═══ Data shown ═══

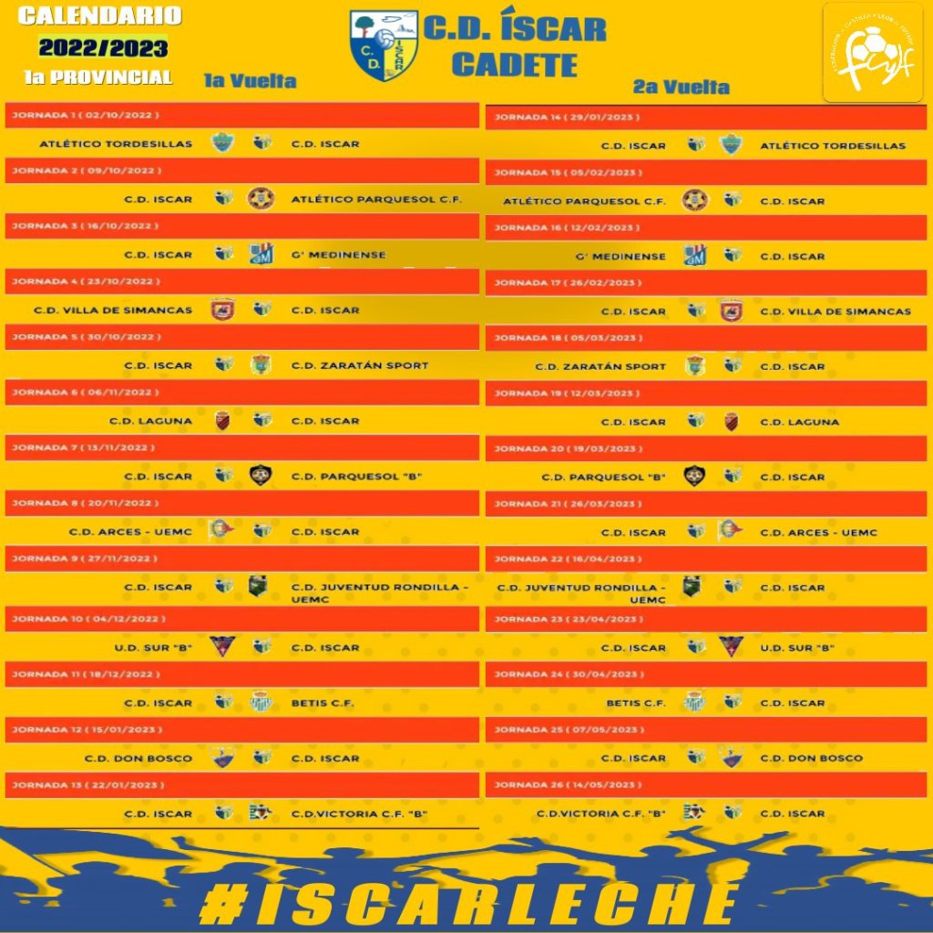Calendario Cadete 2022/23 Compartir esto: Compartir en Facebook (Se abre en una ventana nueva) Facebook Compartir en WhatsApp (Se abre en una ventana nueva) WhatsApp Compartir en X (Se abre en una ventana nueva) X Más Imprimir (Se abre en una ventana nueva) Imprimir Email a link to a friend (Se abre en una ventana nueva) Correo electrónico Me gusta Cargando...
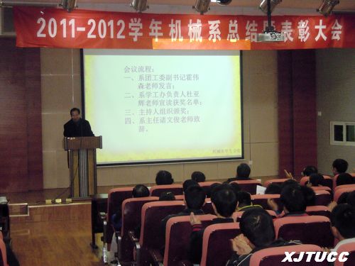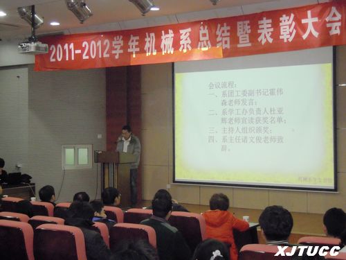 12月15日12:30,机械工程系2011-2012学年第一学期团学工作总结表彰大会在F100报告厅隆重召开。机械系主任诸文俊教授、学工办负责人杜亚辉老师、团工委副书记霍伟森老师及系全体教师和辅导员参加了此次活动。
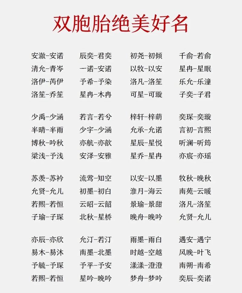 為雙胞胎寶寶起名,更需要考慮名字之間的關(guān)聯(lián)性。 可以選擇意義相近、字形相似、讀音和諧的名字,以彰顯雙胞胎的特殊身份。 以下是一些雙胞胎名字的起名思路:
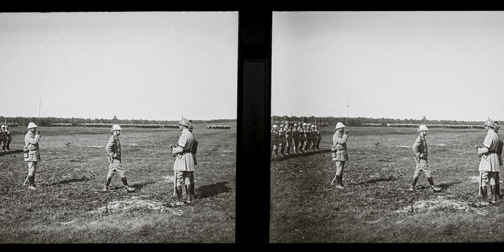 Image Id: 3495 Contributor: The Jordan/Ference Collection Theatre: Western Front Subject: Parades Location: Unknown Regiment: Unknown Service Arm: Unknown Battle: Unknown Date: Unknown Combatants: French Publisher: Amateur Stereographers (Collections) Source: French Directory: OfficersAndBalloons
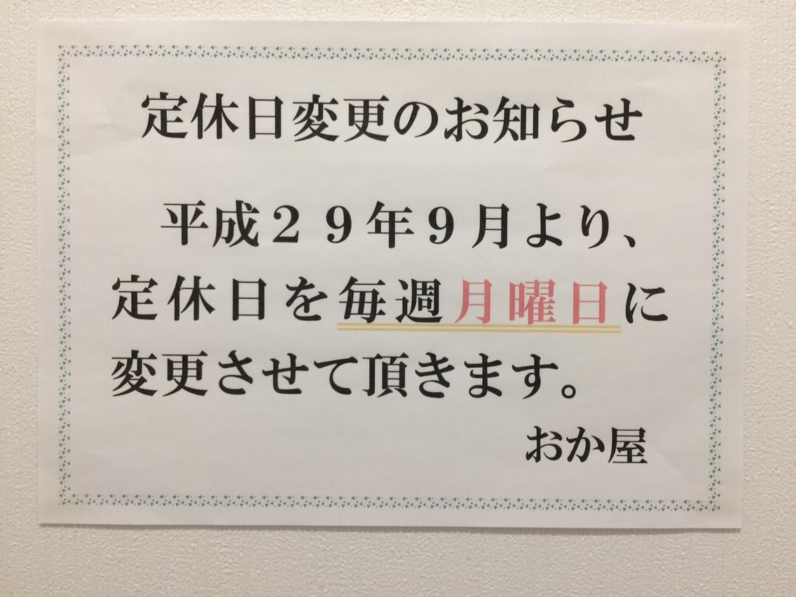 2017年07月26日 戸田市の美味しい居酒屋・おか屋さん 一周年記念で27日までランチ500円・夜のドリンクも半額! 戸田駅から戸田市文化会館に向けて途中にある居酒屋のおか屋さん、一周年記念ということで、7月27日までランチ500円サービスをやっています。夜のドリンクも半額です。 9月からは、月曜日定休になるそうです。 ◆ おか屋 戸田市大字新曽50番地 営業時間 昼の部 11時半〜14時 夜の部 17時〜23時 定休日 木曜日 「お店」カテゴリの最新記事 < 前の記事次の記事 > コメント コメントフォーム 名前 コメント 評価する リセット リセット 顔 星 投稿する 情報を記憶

═══
═══ Data shown ═══

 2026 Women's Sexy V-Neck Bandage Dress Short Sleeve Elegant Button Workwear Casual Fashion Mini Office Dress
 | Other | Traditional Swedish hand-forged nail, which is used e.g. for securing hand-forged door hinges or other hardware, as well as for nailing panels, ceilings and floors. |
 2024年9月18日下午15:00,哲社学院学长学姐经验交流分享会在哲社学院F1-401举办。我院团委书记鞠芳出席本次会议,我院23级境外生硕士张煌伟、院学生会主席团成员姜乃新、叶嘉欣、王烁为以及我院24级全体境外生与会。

═══

◆ The task ◆
Those lines of the records above that run from the one containing "Image Id: 3495" through the one containing "2017年07月26日 戸田市の美味しい居酒屋・おか屋さん 一周年記念で27日までランチ500円・夜のドリンクも半額!" should be returned exactly, with no pictures among them.

◆ Answer box ◆
 Image Id: 3495 Contributor: The Jordan/Ference Collection Theatre: Western Front Subject: Parades Location: Unknown Regiment: Unknown Service Arm: Unknown Battle: Unknown Date: Unknown Combatants: French Publisher: Amateur Stereographers (Collections) Source: French Directory: OfficersAndBalloons
 2017年07月26日 戸田市の美味しい居酒屋・おか屋さん 一周年記念で27日までランチ500円・夜のドリンクも半額! 戸田駅から戸田市文化会館に向けて途中にある居酒屋のおか屋さん、一周年記念ということで、7月27日までランチ500円サービスをやっています。夜のドリンクも半額です。 9月からは、月曜日定休になるそうです。 ◆ おか屋 戸田市大字新曽50番地 営業時間 昼の部 11時半〜14時 夜の部 17時〜23時 定休日 木曜日 「お店」カテゴリの最新記事 < 前の記事次の記事 > コメント コメントフォーム 名前 コメント 評価する リセット リセット 顔 星 投稿する 情報を記憶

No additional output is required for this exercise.